L’IA, est-elle l’avenir de la création de contenus en formation ?

par | 18 octobre 2022 | Technologie

Midjourney et Dall-e ont révolutionné l’Intelligence Artificielle. Au point où le magazine The economist en juin 2022 en a fait sa couverture : la nouvelle frontière de l’IA. 2022, sera-t-elle l’année du basculement de l’IA ? L’Intelligence Artificielle, est-elle en train de gagner la guerre de contenus ? La machine, va-t-elle remplacer l’homme dans son métier de créateur de contenu ? Quelle sera la conséquence pour le monde de la formation ? L’IA agent conversationnel, on connaît, mais l’IA créateur de contenu, c’est nouveau. Qu’est-ce qui restera au bon formateur d’antan ?
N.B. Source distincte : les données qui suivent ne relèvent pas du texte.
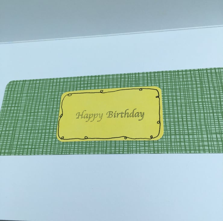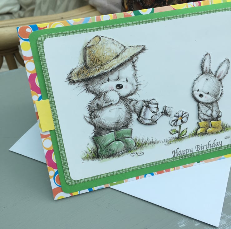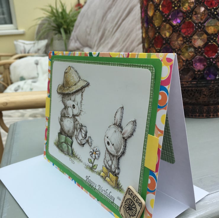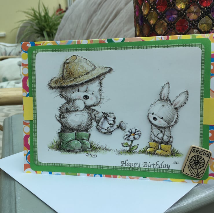 A super cute bear and bunny tending their little garden, well, one little flower! Both charactures are dressed for the part, each with their colourful wellies, no one wants to get messy in the garden. The topper is layered onto coordinating green and yellow paper and the card is a vibrant almost psychodelic design, cheerful and fun. The card is finished with a small happy birthday greeting and a seed packet fancy button. Inside has matching papers and a happy birthday greeting. This card really doesn't suggest gender, just a love for the outside world. So go on, send your little one a lovely card for their special day.
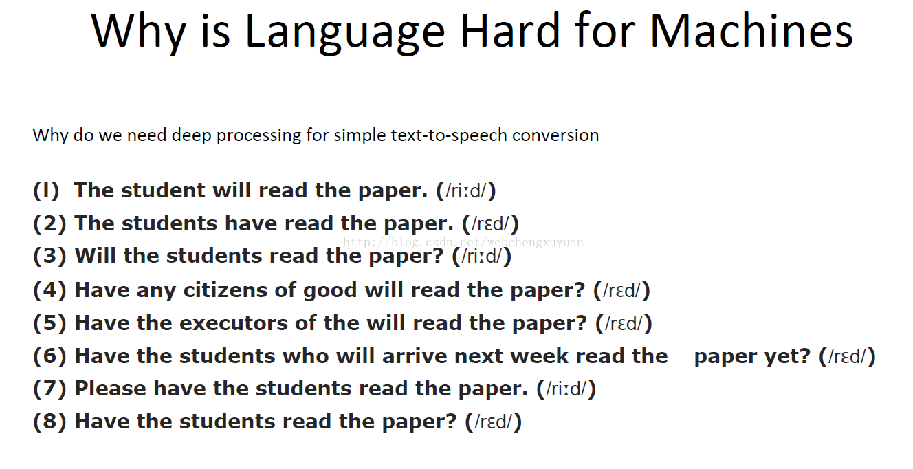 为什么机器理解人类语言是困难的?徐老师以read的读音和为例说明不仅机器分析read在不同句子中的准确发音是困难的,其实人分析出来也有一定的挑战。例子如下图:
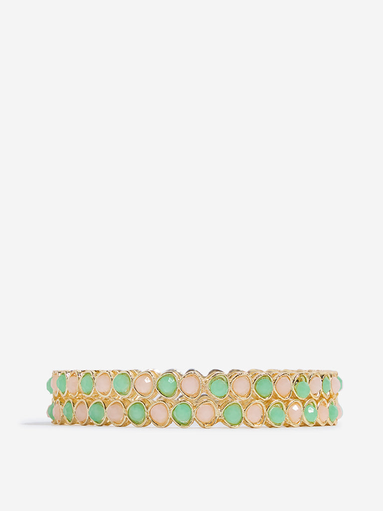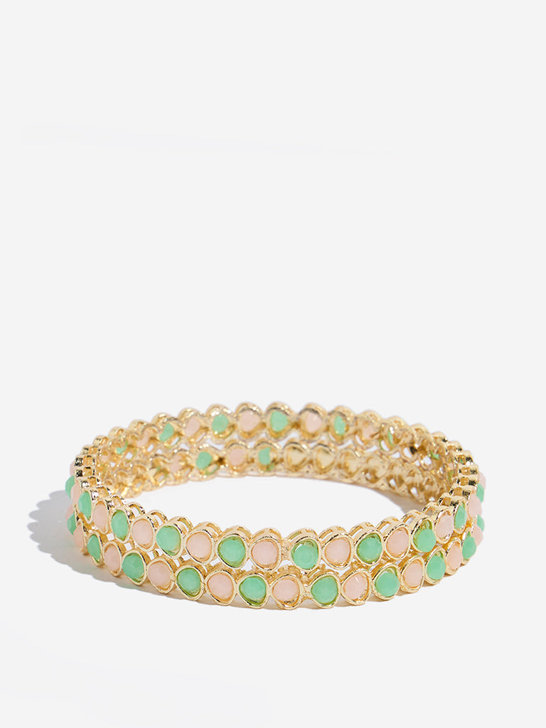 Be the first to review “Westside Accessories Green & Blush Pink Bangle Set” Cancel reply

1, L’IA est devenue une créatrice de contenus

Midjourney (date de création 2022) est un laboratoire de recherche spécialisé dans l’IA qui produit des images à partir d’une demande textuelle, des images saisissantes par leurs qualités (https://www.midjourney.com/showcase/). Dall-E, en hommage au peintre Dali (date de création 2021) propose la même chose dans sa version 2, ces images semblent, selon les praticiens, libres de droit (https://openai.com/dall-e-2/). Aujourd’hui, OpenIA, la maison mère de Dall-E, revendique 1,5 millions d’utilisateurs et génère 2 millions d’images par jour. Ils sont en version Beta, mais accessible à tout le monde.
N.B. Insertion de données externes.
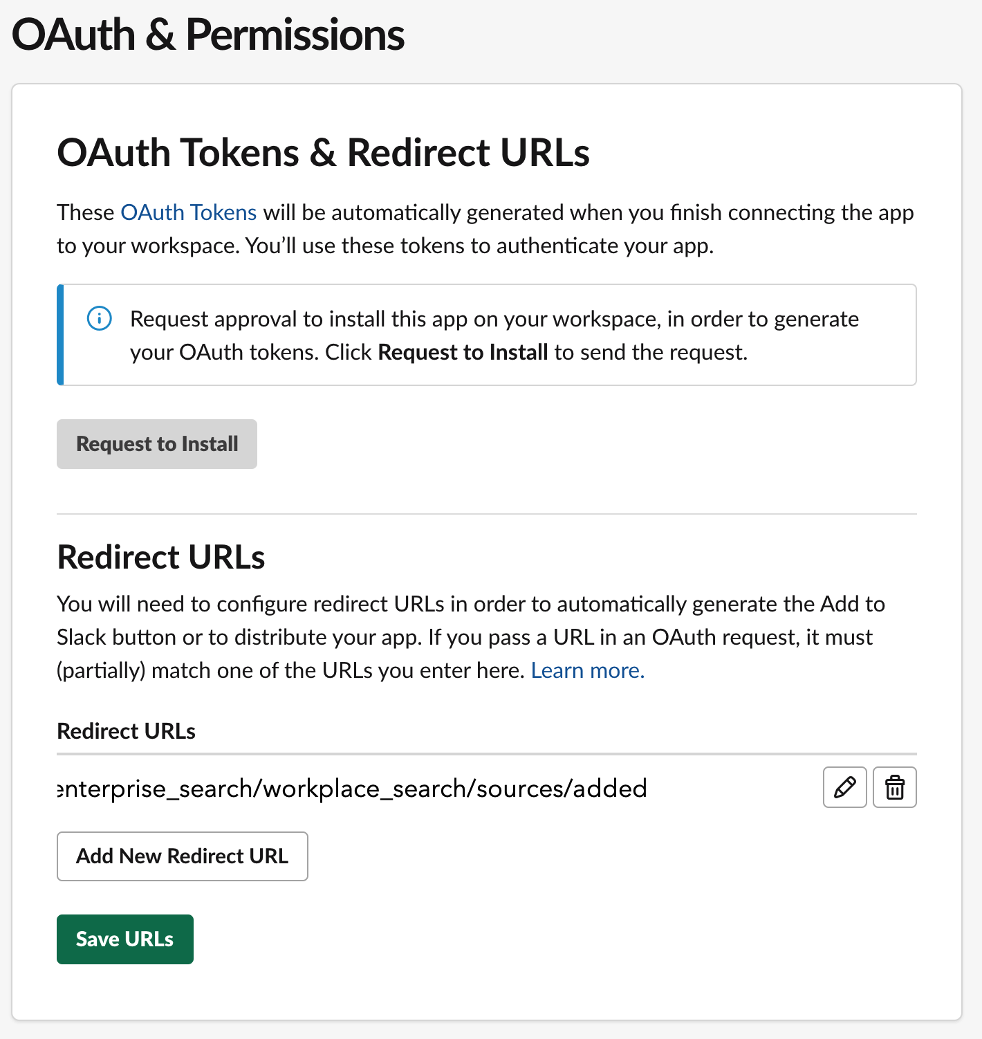 Configuring the Slack connector is the first step prior to connecting the Slack service to Workplace Search, and requires that you create an OAuth App from the Slack platform.
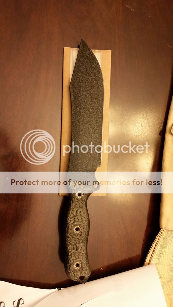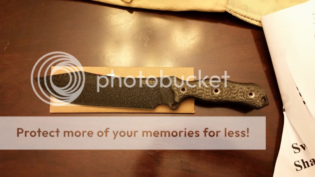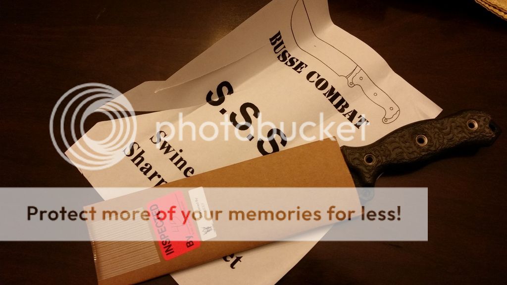 Picked up two, but I really only "need" one, so I'm keeping the Tanker/Maroon, and putting up the Black/Black Canvas for sale. Opened to check them both out, and then back in the cardboard. Comes with cardboard sheath, and Swine Shaving Sharpness Sheet.
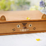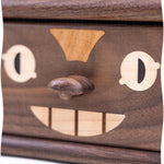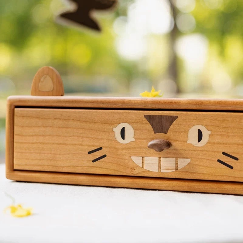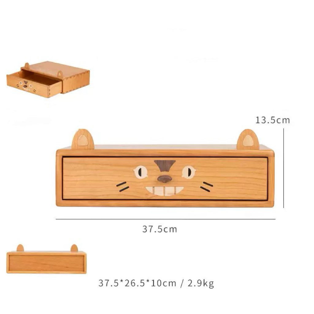 Die natürliche Maserung von Walnuss und Kirsche verleiht dem Möbelstück eine warme, rustikale Note, und das vom Toto-Motiv inspirierte Design ist einfach zuckersüß – mit den großen Augen, den flauschigen Ohren und dem freundlichen Lächeln. Jede Schublade bietet Platz für Kleinigkeiten wie Schmuck, Dekoartikel oder Büroutensilien. Schluss mit unordentlichen Schreibtischen – nur noch Ordnung und Niedlichkeit!
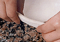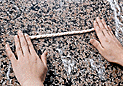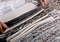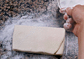 1.フィユタージュの表面と、台との間にたっぷりの砂糖をまぶす。

En août 2022, le magazine LIFE faisait sa couverture sur une bande dessinée entièrement dessinée par IA, c’est bluffant : https://www.actuabd.com/L-Intelligence-artificielle-est-elle-une-autrice-de-BD-consciente. Il suffit de construire une histoire pour la voir apparaître automatiquement dans le style demandé en 3 semaines, 1 000 images. Pour mettre en perspective l’outil, Dreamstudio propose un modèle économique, 1 000 créations par IA pour 12 €, et le prix devrait baisser. Les chiffres sont saisissants pour 12 €, on peut avoir 1 000 posts personnalisés qui peuvent servir à animer une communauté apprenante, si l’on produit tous les 250 jours ouvrés, on a pour 4 ans de production quotidienne. Et ce n’est qu’un début…
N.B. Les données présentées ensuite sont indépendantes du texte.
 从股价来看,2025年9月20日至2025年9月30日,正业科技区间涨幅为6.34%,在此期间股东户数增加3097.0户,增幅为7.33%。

Pour ne pas se laisser distancer, Meta, qui travaille dessus depuis longtemps, a anticipé sa présentation de Make-A-Video, c’est dire si 2022 est une date importante. Make-A-Video ne crée pas des images, mais des vidéos (https://www.youtube.com/watch?v=Zdfxo-eWFYk). Il semble que ce soit aujourd’hui plus des assemblages d’images, autrement dit, il s’agit de prendre ou de créer une image et lui donner du mouvement pour en faire une vidéo courte avec la même mécanique une demande texte et c’est l’IA qui crée. On peut demander une femme qui court sur la plage soleil couchant et la vidéo est créée, et même anonymisée, pour éviter un éventuel problème de droit à l’image. A quand un tuto de formateur en train d’expliquer en micro-learning créé uniquement par l’IA ?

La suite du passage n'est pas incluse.